A later/external addition could be:
typedef struct File{
OBJHEAD;
FILE * fp;
} File;
without needing to change Object.
Are these conversions guaranteed to be safe?
(As for the small macro-abuse: the OBJHEAD will of course be extensively documented so additional implementers will know what member-names not to use. The idea is not to hide the header, but to save pasting it every time.)
Converting a pointer to one object type to a pointer to a different object type (via a cast, for instance) is permitted, but if the resulting pointer is not correctly aligned then behavior is undefined (C11 6.3.2.3/7). Depending on the members of Base and Sub and on implentation-dependent behavior, it is not necessarily the case that a Base * converted to a Sub * is correctly aligned. For example, given ...
struct Base{
struct{
int id;
};
char data[]; // necessary?
}
struct Sub{
struct{
int id;
};
long long int value;
};
... it may be that the implementation permits Base objects to be aligned on 32-bit boundaries but requires Sub objects to be aligned on 64-bit boundaries, or even on stricter ones.

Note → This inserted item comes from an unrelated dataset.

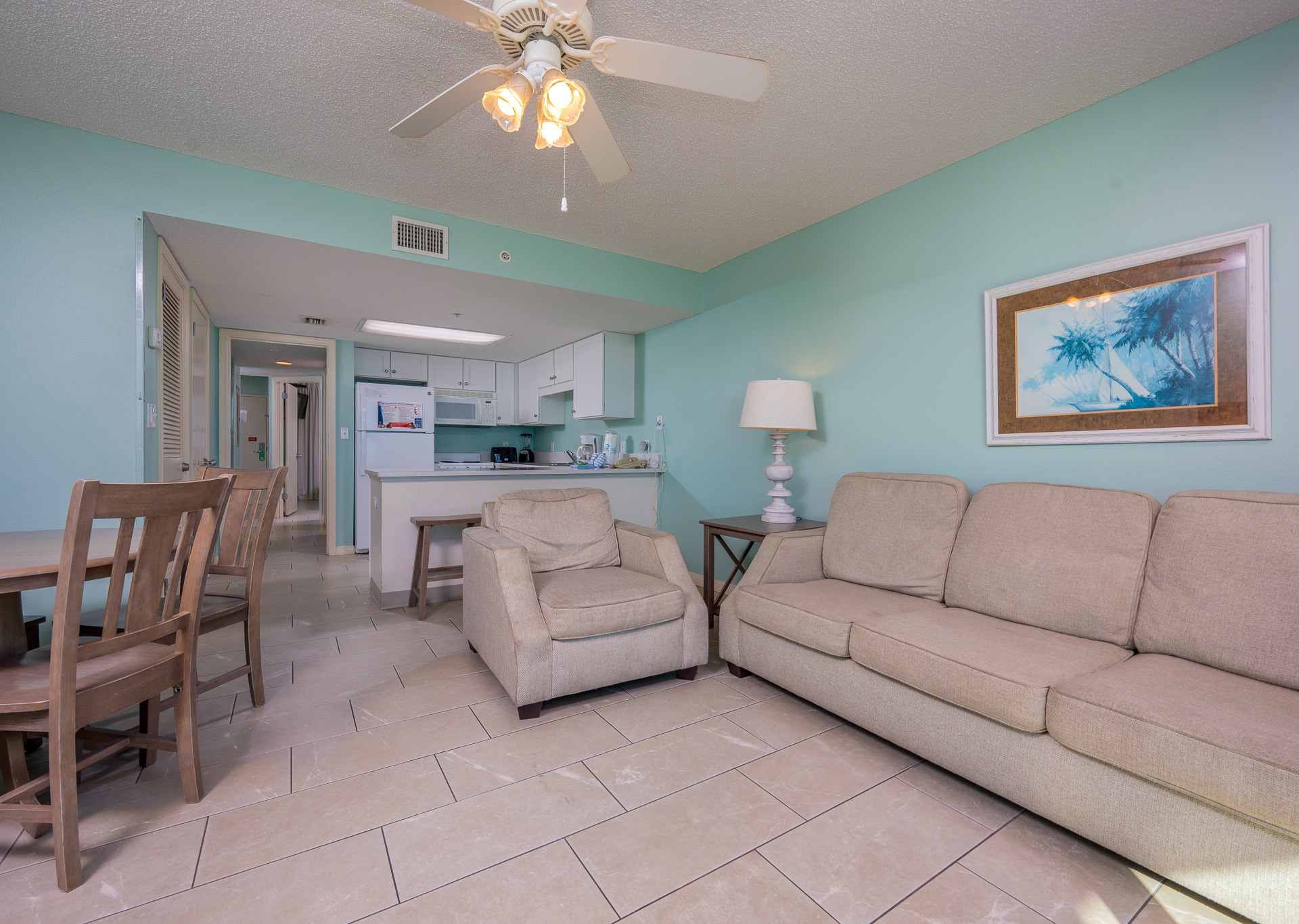 The suite features a full-size kitchen, fully equipped for your cooking needs, and a separate living room to relax after a day of fun in the sun. The private bedroom includes a cozy king-size bed with an en-suite bathroom, while the hallway features built-in bunk beds perfect for small children. An additional half bath adds extra convenience for your stay.

None of this is affected by whether Base has a flexible array member.
It is a different question whether it is safe to dereference a pointer value of one type that was obtained by casting a pointer value of a different type. For one thing, C places rather few restrictions on how implementations choose to lay out structures: members must be laid out in the order they are declared, and there must not be any padding before the first one, but otherwise, implementations have free reign. To the best of my knowledge, in your case there is no requirement that the anonymous struct members of your two structures must be laid out the same way as each other if they have more than one member. (And if they have only one member then why use an anonumous struct?) It is also not safe to assume that Base.data starts at the same offset as the first element following the anonymous struct in Sub.
In practice, dereferencing the result of your subToBase() is probably ok, and you can certainly implement tests to verify that. Also, if you have a Base * that was obtained by conversion from a Sub *, then the result of converting it back, for instance via baseToSub(), is guaranteed to be the same as the original Sub * (C11 6.3.2.3/7 again). In that case, the conversion to Base * and back has no effect on the safety of dereferencing the the pointer as a Sub *.

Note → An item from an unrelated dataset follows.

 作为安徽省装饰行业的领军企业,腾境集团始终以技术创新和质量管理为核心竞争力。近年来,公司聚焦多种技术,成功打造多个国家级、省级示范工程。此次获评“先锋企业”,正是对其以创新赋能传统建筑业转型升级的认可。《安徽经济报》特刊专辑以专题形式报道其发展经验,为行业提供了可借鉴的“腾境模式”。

On the other hand, though I'm having trouble finding a reference for it in the standard, I have to say that baseToSub() is very dangerous in the general context. If a Base * that does not actually point to a Sub is converted to Sub * (which in itself is permitted), then it is not safe to dereference that pointer to access members not shared with Base. In particular, given my declarations above, if the referenced object is in fact a Base, then Base.data being declared in no way prevents ((Sub *)really_a_Base_ptr)->value from producing undefined behavior.

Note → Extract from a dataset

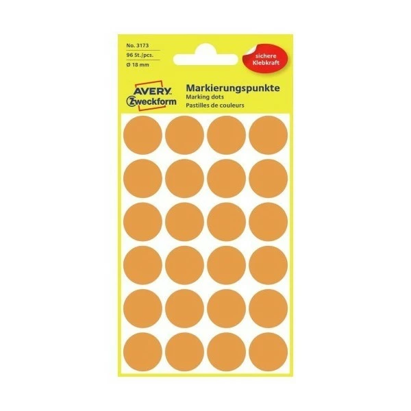 AVERY Zweckform – Pastilles de couleur permanentes – Ø 18 mm – Orange fluo

To avoid all undefined and implementation-defined behavior, you want an approach that avoids casting and ensures consistent layout. #LoPiTaL's suggestion to embed a typed Base structure inside your Sub structures is a good approach in that regard.
No it is not safe, at least not under all circumstances. If your compiler sees two pointers p and q that have different base type, it may always assume that they don't alias, or stated in other words it may always assume that *p and *q are different objects.
Your cast punches a hole in that assumption. That is if you have a function
double foo(struct A* p, struct B* q) {
double b = q->field0;
*p = (struct A*){ 0 };
return b + q->field0; // compiler may return 2*b
}
the optimizer is allowed to avoid the additional read from memory.
If you'd know that no function will ever see the same object through differently typed pointers, you would be safe. But such an assertion is not made easily, so you'd better avoid such hackery.
It is correct, since it is guaranteed to have the same alignment on the first member of the struct, so you can cast from one struct to another.
Nevertheless, the common way to implement your behaviour is to "inherit" the base class:
//Base struct definition
typedef struct Base_{
int id;
// ...
//char data[]; //This is not needed.
}Base;
//Subclass definition
typedef struct Sub_{
Base base; //Note: this is NOT a pointer
// actual data
}Sub;
So now, you can cast a Sub struct into a Base struct, or just return the first member, which already is of type Base, so there is no need of casting anymore.
One word of caution: do not abuse MACROS. MACROS are nice and good for a lot of things, but abusing them may lead to difficult to read and maintain code.
In this case, the macro is easily replaced with the base member.
One final word, your macro is error prone, since the member names are now hidden. On the end, you may be adding new members with the same name, and getting weird errors without knowing why.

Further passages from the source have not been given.